*Exercise*
Output the lines of the records below exactly, beginning at their first line and ending at the line with "Galaxy S25 Black"; include no pictures.
[Record set Boundary: Start]
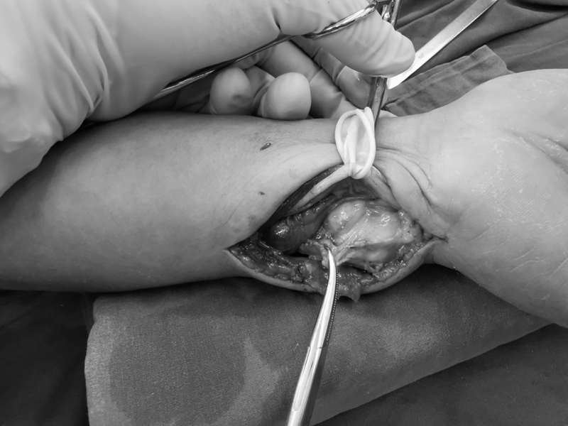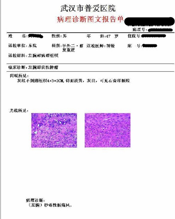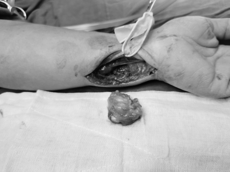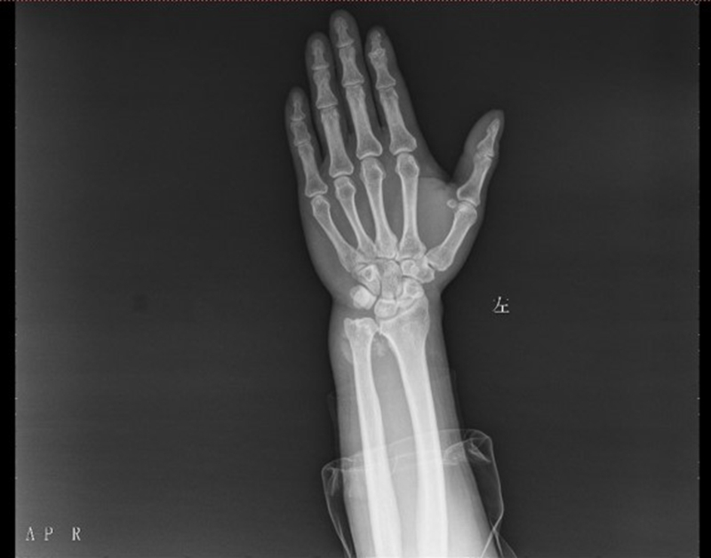 患者周X,男,47岁,发现左腕部包块1年余入院,入院查体:左腕尺侧肿胀明显,可及一质软包块,呈类圆形,可推动,左小指、无名指感觉减退,活动无受限,左手其余指感觉、活动无异常,既往体健,否认高血压、糖尿病病史,无手术史,无药物、食物过敏史
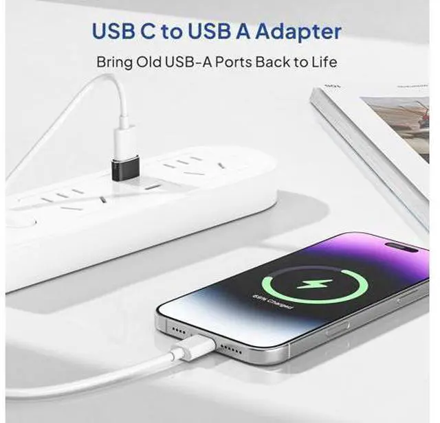 • Elebase USB to USB C Adapter for iPhone 17 4Pack USBC Female to A Male Car Charger Adapter Type C Converter 16 Pro Max 15 14 Plus iWatch Watch 11 10 Se Ultra 3 iPad Air Galaxy S25 Black
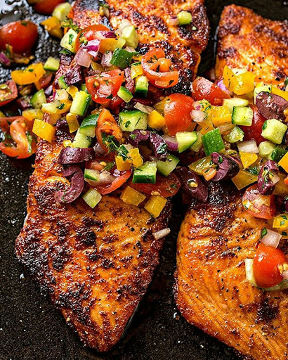 Pan Seared Salmon with Mediterranean Salsa Fresca
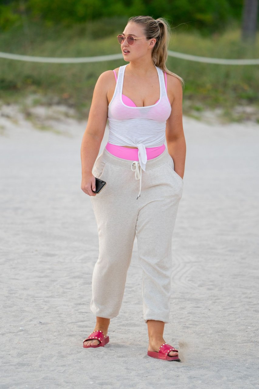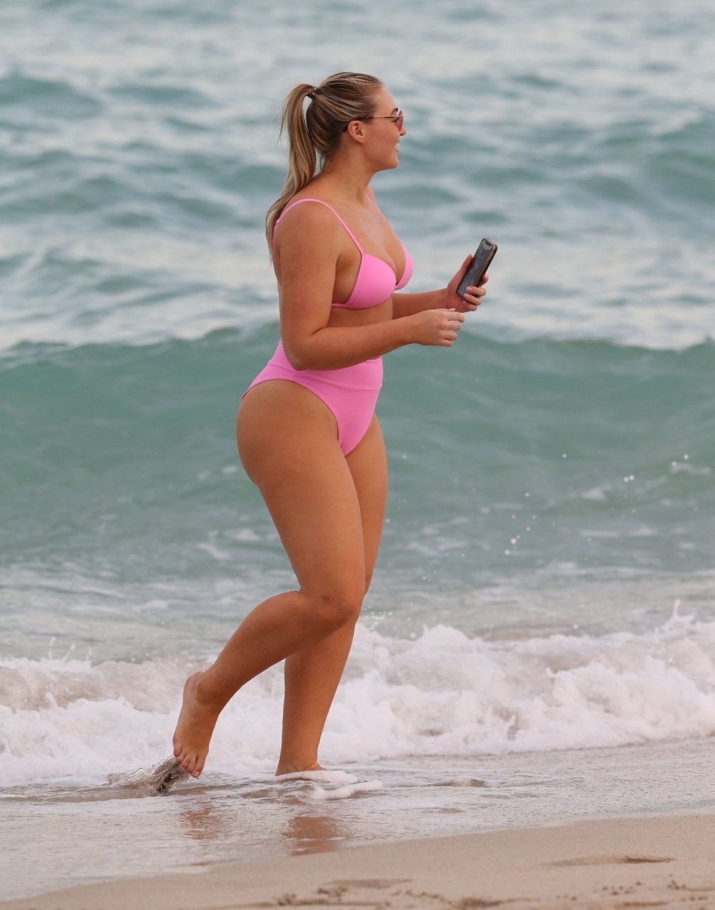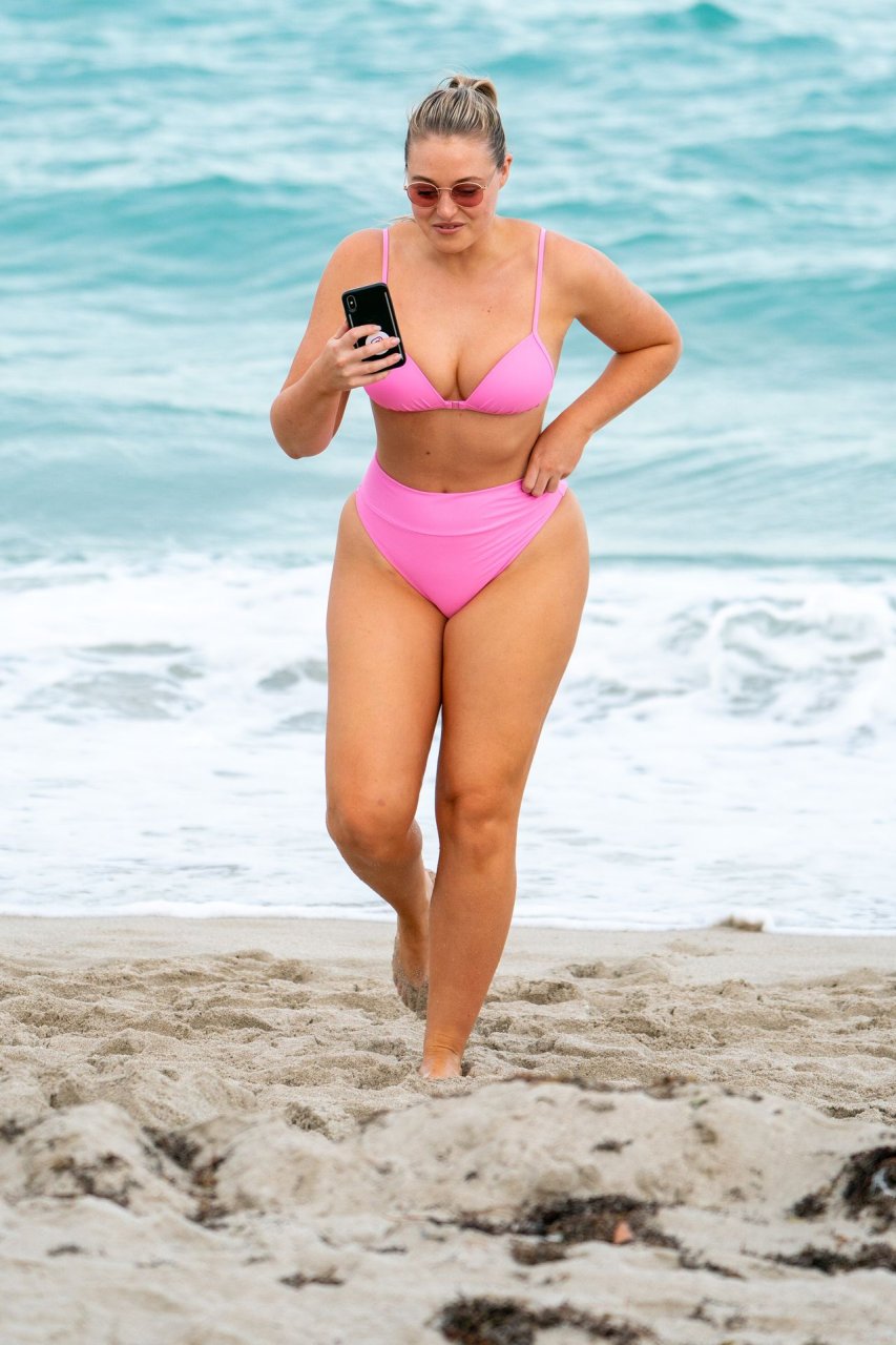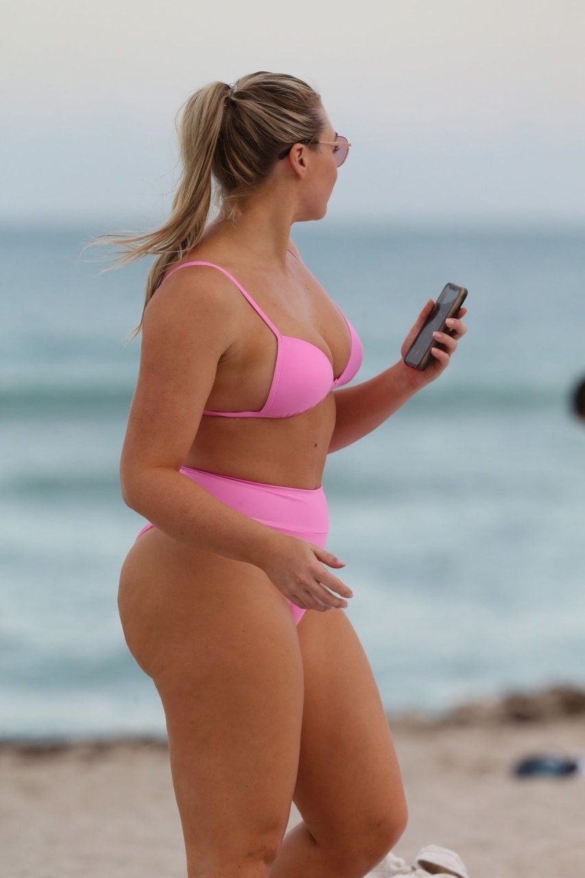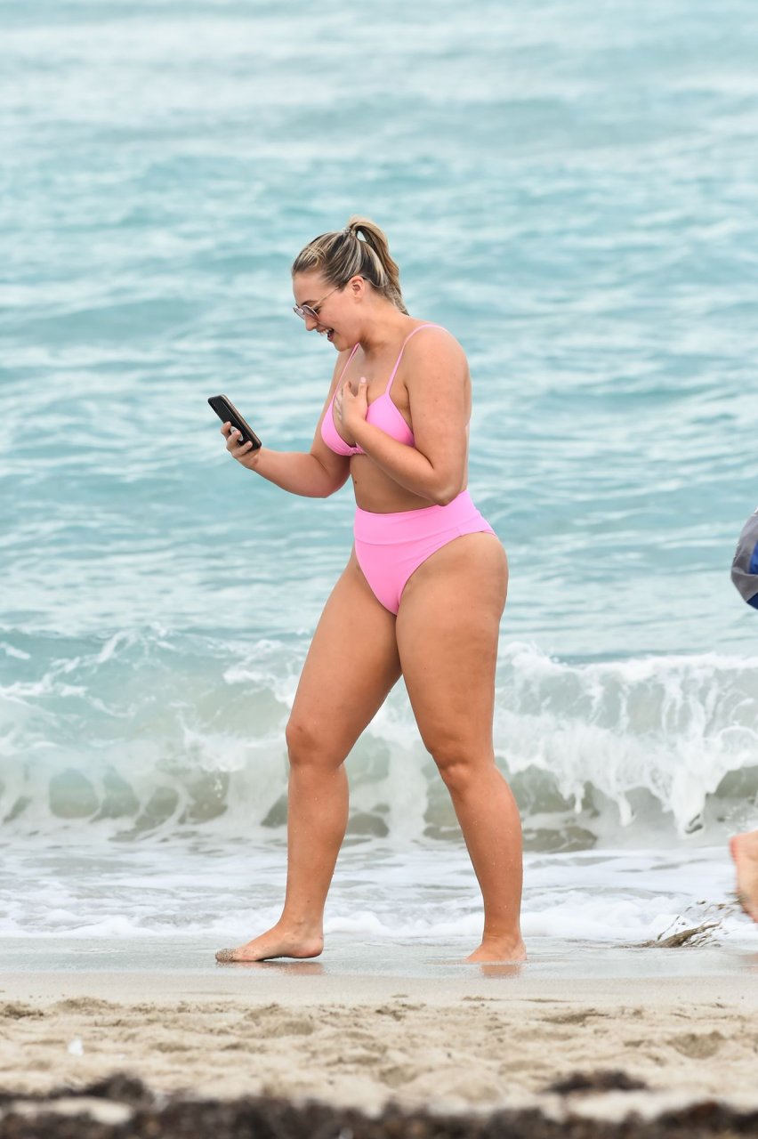 La modella Iskra Lawrence mostra le sue curve in spiaggia con un bikini rosa a Miami, 12/09/2018. Iskra è splendida mentre si gode la sua giornata in spiaggia.
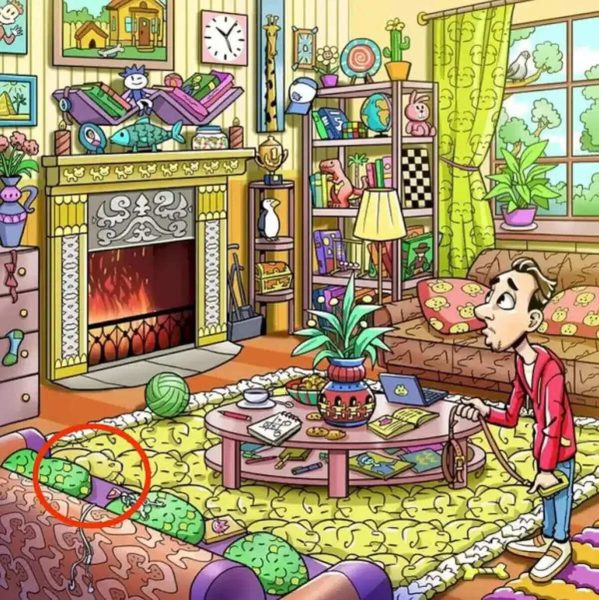 L’image représente un salon vivant, rempli d’objets familiers : canapés, plantes vertes, jouets éparpillés, une cheminée, une table basse surchargée… Tout y est pour capter l’attention. Mais parmi ce tumulte visuel, un chien se cache en toute discrétion, bien décidé à retarder sa promenade. Et c’est là que les choses se compliquent.
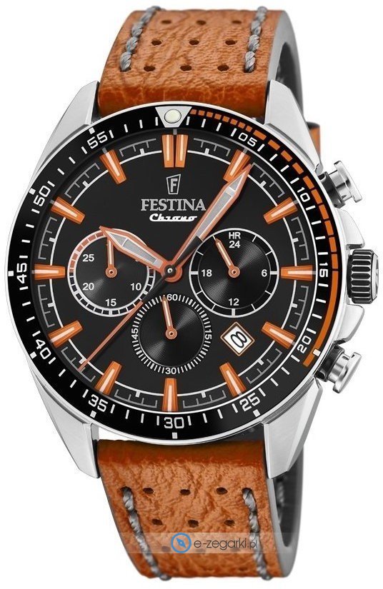 Festina tej marki z pewnością nie ma potrzeby specjalnie przedstawiać. To lubiana i doceniana w zasadzie na całym świecie marka zajmująca się produkcją czasomierzy, która narodziła się na początku XX wieku w Szwajcarii. Od momentu kiedy marka trafiła do osobnej grupy Festina Group w latach 80-tych poprzedniego stulecia stała się bardzo zauważalna. Aktualnie zegarki Festina można nabyć w ponad 50 krajach na świecie. Markę Festina bardzo często można dostrzec na różnego przekroju imprezach sportowych, np wyścigach kolarskich Tour de Pologne. Istotną cechą zgeraków Festina jest posiadanie specjalnego utwardzanego szkiełka mineralnego na które marka udziela osobnej 5 letniej gwarancji. Obecnie twarzą marki jest słynny i szanowany aktor Gerard Butler, można go zobaczyć w wielu spotach reklamowych właśnie z zegarkiem Festina.
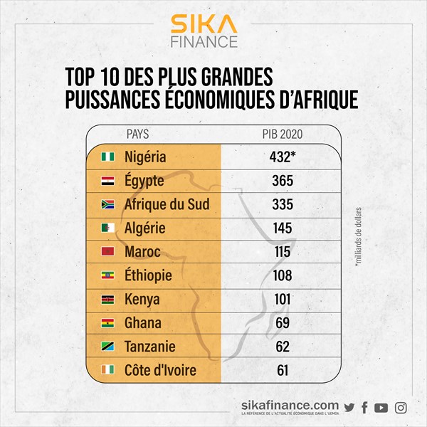 D’après le site d’information financière et économique relatif à la Bourse dans les 8 Pays de l’UEMOA, Sika finance (sikafinance.com), la Côte d’ivoire réintègre le top 10 des plus grandes puissances économiques de l’Afrique en 2020. Selon les récentes données de la Banque mondiale, le pays d’Alassane Ouattara occupe le 10e rang avec un PIB de 61,35 milliards de dollars, soit 36124,7 milliards FCFA, devenant ainsi le seul pays francophone subsaharien à figurer dans ce classement.
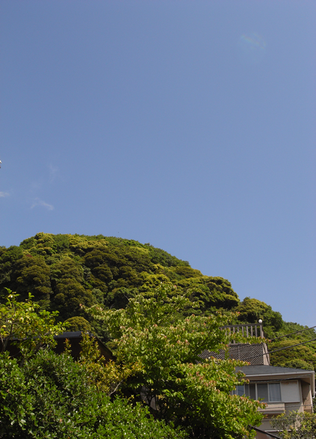すぐ裏山を見上げるときれいに澄み渡る空と、新緑。
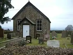 There are two farms, Cas-Troggy and Penyrheo, and a Methodist chapel on the main road. The chapel recently celebrated its 121st anniversary. Services are held on the second and fourth Sunday of the month at 3.00pm.[1] There are also the remnants of a Baptist Chapel, known as "Pen Y Well". Gravestones in the churchyard date from the 18th century.[2]
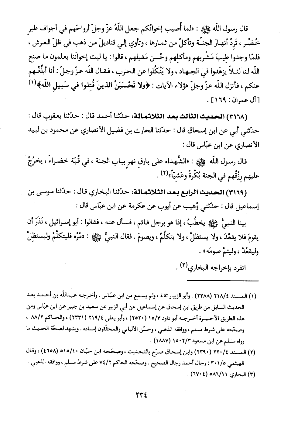 (٣١٦٨) الحديث الثالث بعد الثلاثمائة: حدّثنا أحمد قال: حدّثنا يعقوب قال: حدّثني أبي عن ابن إسحاق قال: حدّثنا الحارث بن فضيل الأنصاري عن محمود بن لبيد الأنصاري عن ابن عبّاس قال:
[Record set Boundary: End]
*Response for this exercise*
 患者周X,男,47岁,发现左腕部包块1年余入院,入院查体:左腕尺侧肿胀明显,可及一质软包块,呈类圆形,可推动,左小指、无名指感觉减退,活动无受限,左手其余指感觉、活动无异常,既往体健,否认高血压、糖尿病病史,无手术史,无药物、食物过敏史
 • Elebase USB to USB C Adapter for iPhone 17 4Pack USBC Female to A Male Car Charger Adapter Type C Converter 16 Pro Max 15 14 Plus iWatch Watch 11 10 Se Ultra 3 iPad Air Galaxy S25 Black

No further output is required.